> **DATASET CONTENT**
[Start of section]
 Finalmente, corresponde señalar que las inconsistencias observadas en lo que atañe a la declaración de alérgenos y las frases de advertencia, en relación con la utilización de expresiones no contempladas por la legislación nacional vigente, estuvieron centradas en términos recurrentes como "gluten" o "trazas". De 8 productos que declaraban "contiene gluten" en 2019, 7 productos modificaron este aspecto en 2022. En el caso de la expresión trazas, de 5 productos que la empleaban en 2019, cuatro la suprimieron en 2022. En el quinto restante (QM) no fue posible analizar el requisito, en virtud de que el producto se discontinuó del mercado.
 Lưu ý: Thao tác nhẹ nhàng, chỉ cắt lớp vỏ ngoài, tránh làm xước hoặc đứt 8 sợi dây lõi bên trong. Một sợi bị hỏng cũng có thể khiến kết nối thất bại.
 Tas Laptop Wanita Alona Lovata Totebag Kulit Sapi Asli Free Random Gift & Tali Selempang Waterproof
[End of section]
[Start of section]
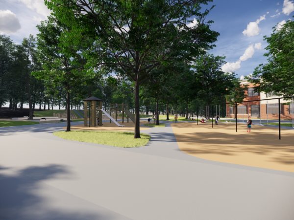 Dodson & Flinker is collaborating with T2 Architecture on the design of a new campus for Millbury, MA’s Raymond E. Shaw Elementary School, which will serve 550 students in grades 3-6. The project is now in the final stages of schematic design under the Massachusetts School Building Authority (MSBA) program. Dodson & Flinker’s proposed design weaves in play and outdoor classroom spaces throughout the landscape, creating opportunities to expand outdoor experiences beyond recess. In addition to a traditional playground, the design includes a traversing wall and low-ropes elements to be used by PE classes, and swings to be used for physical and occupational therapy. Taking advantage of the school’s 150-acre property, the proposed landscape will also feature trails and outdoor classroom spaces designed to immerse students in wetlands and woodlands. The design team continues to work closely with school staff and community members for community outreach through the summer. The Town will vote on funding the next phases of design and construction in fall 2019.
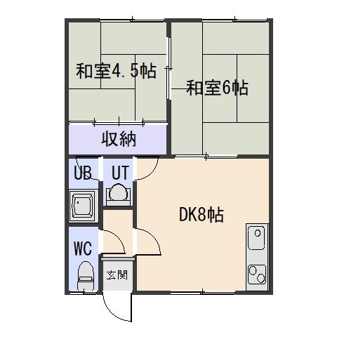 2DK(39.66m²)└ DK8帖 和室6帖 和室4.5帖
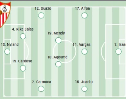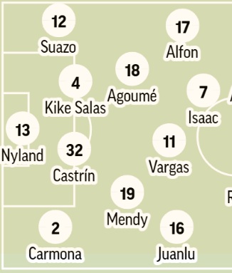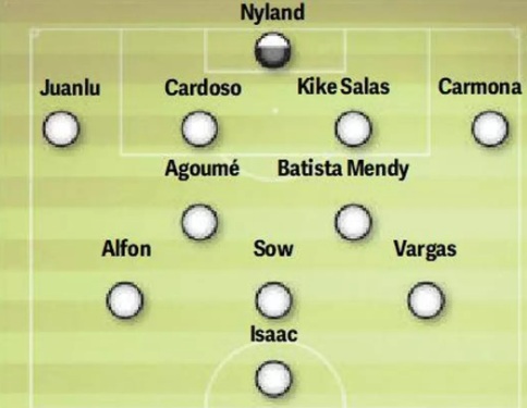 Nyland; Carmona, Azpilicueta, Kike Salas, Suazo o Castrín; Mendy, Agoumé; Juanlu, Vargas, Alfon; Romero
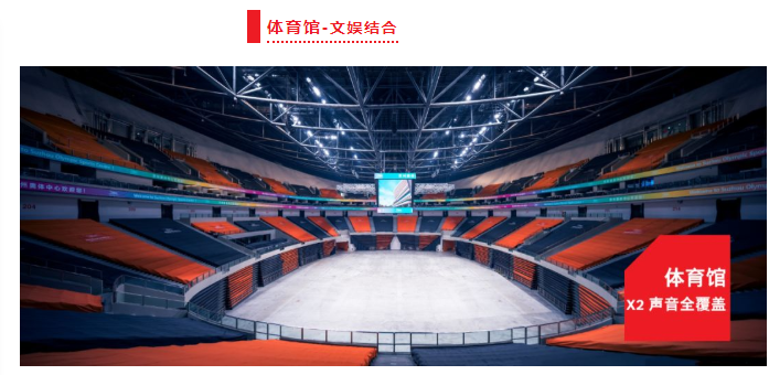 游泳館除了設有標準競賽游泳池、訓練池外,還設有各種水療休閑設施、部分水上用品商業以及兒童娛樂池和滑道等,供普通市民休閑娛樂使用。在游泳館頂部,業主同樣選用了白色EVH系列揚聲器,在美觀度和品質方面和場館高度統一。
[End of section]
[Start of section]
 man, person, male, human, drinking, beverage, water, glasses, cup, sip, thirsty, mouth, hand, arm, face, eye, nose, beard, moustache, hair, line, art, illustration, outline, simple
[End of section]
Write out only the lines that run from the line containing "Finalmente, corresponde señalar" through the line containing "Tas Laptop Wanita", both included, exactly as they appear above.

> **SOLUTION TO THE EXERCISE**
 Finalmente, corresponde señalar que las inconsistencias observadas en lo que atañe a la declaración de alérgenos y las frases de advertencia, en relación con la utilización de expresiones no contempladas por la legislación nacional vigente, estuvieron centradas en términos recurrentes como "gluten" o "trazas". De 8 productos que declaraban "contiene gluten" en 2019, 7 productos modificaron este aspecto en 2022. En el caso de la expresión trazas, de 5 productos que la empleaban en 2019, cuatro la suprimieron en 2022. En el quinto restante (QM) no fue posible analizar el requisito, en virtud de que el producto se discontinuó del mercado.
 Lưu ý: Thao tác nhẹ nhàng, chỉ cắt lớp vỏ ngoài, tránh làm xước hoặc đứt 8 sợi dây lõi bên trong. Một sợi bị hỏng cũng có thể khiến kết nối thất bại.
 Tas Laptop Wanita Alona Lovata Totebag Kulit Sapi Asli Free Random Gift & Tali Selempang Waterproof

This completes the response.